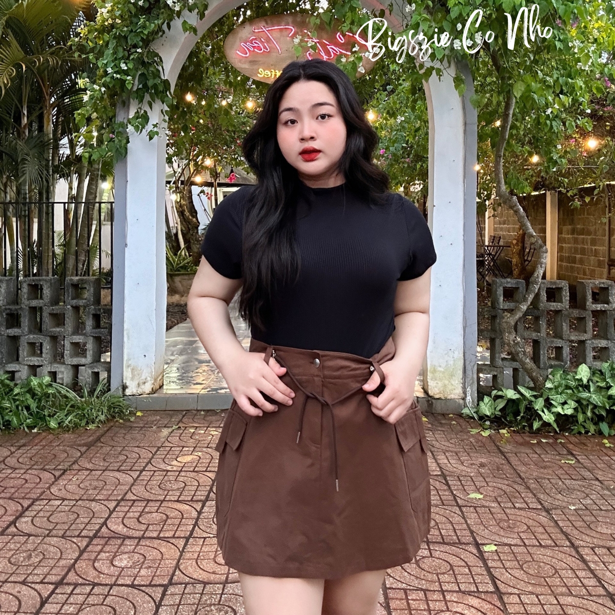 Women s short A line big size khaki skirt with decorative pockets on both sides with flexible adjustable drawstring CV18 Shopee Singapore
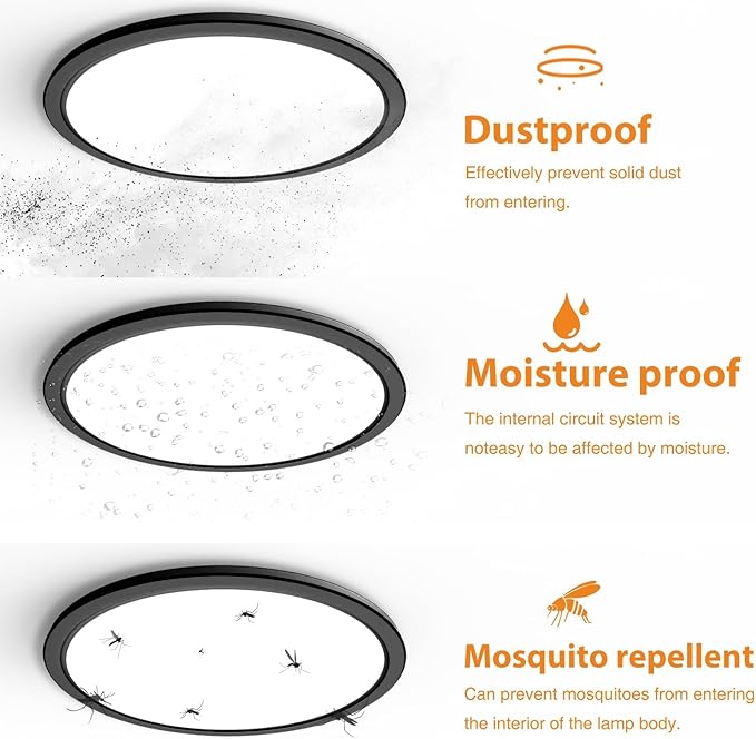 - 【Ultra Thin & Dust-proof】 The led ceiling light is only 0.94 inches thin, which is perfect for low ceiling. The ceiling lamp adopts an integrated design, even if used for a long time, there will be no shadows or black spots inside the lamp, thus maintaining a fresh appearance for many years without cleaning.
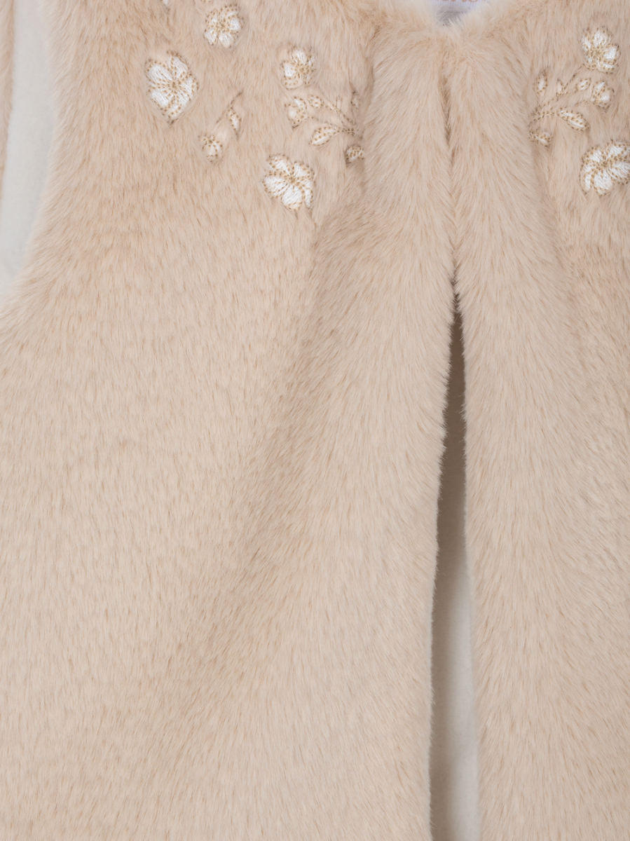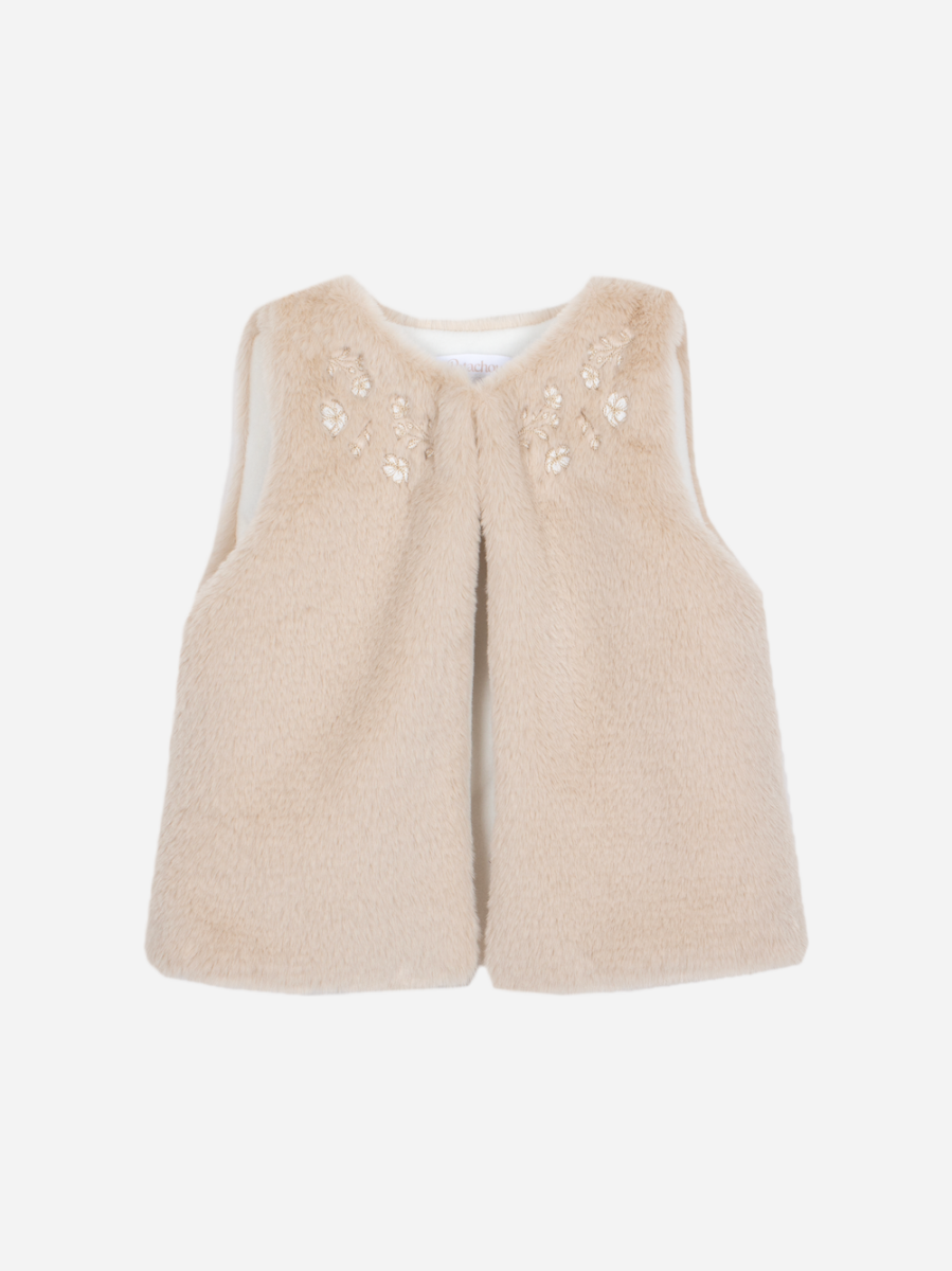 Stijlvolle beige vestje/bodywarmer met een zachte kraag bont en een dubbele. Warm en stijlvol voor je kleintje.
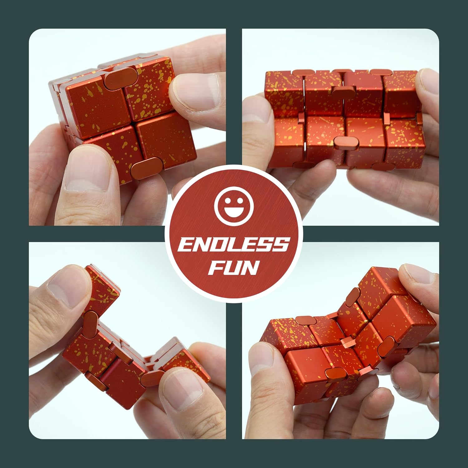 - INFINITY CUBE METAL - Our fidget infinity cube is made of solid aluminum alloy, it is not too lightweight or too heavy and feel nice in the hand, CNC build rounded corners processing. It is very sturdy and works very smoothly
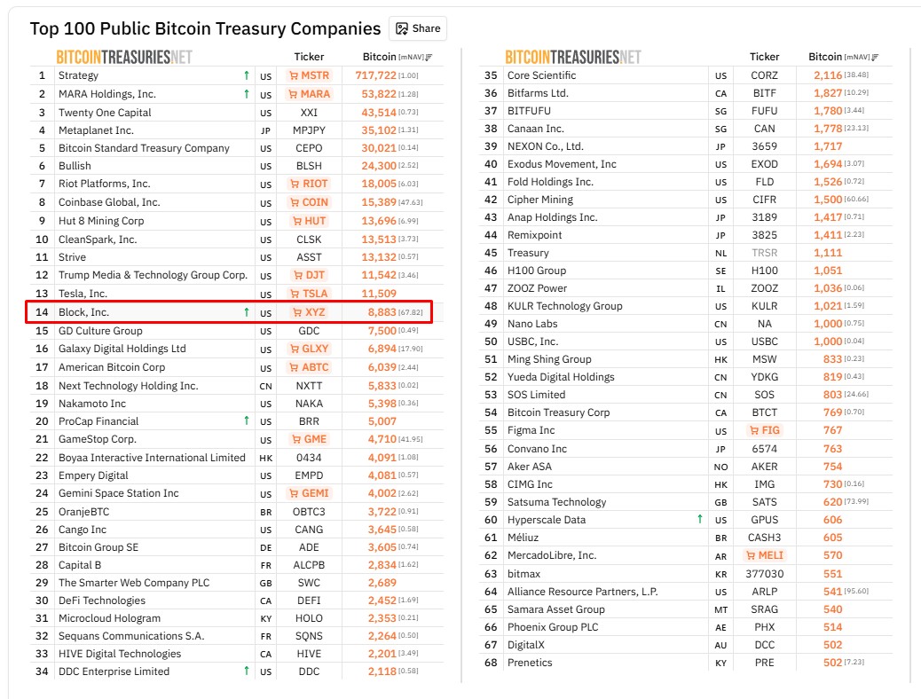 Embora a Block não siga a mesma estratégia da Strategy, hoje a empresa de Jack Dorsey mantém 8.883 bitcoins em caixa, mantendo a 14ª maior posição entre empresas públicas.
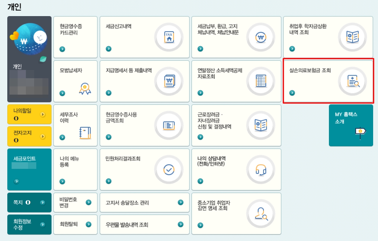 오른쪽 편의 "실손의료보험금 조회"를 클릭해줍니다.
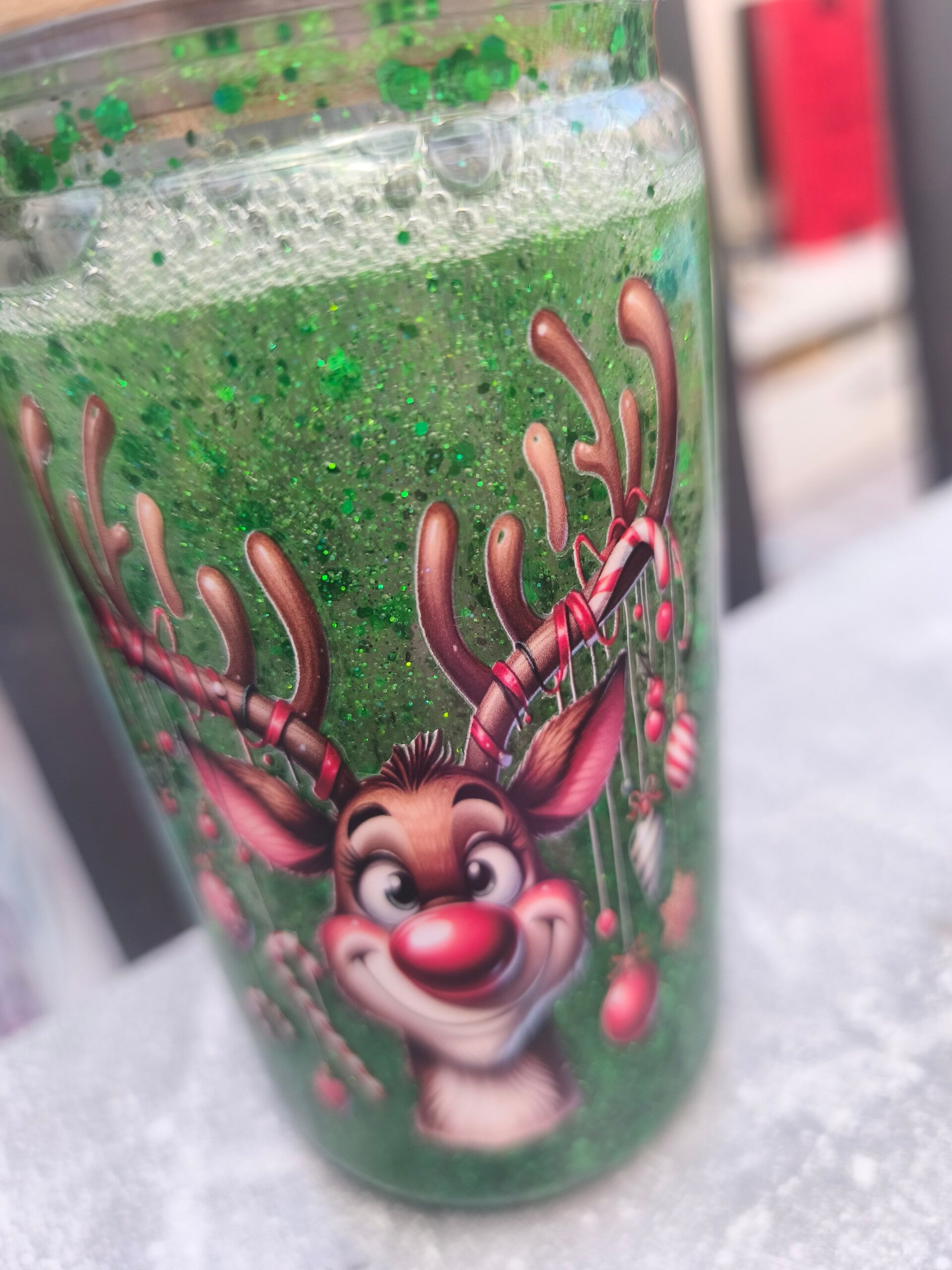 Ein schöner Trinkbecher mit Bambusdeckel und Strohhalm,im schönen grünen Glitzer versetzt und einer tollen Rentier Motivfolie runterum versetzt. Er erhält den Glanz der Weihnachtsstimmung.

### [EXERCISE DESCRIPTION]
Set down the whole listing word for word, omitting the pictures.

### [TASK RESPONSE]
 Women s short A line big size khaki skirt with decorative pockets on both sides with flexible adjustable drawstring CV18 Shopee Singapore
 - 【Ultra Thin & Dust-proof】 The led ceiling light is only 0.94 inches thin, which is perfect for low ceiling. The ceiling lamp adopts an integrated design, even if used for a long time, there will be no shadows or black spots inside the lamp, thus maintaining a fresh appearance for many years without cleaning.
 Stijlvolle beige vestje/bodywarmer met een zachte kraag bont en een dubbele. Warm en stijlvol voor je kleintje.
 - INFINITY CUBE METAL - Our fidget infinity cube is made of solid aluminum alloy, it is not too lightweight or too heavy and feel nice in the hand, CNC build rounded corners processing. It is very sturdy and works very smoothly
 Embora a Block não siga a mesma estratégia da Strategy, hoje a empresa de Jack Dorsey mantém 8.883 bitcoins em caixa, mantendo a 14ª maior posição entre empresas públicas.
 오른쪽 편의 "실손의료보험금 조회"를 클릭해줍니다.
 Ein schöner Trinkbecher mit Bambusdeckel und Strohhalm,im schönen grünen Glitzer versetzt und einer tollen Rentier Motivfolie runterum versetzt. Er erhält den Glanz der Weihnachtsstimmung.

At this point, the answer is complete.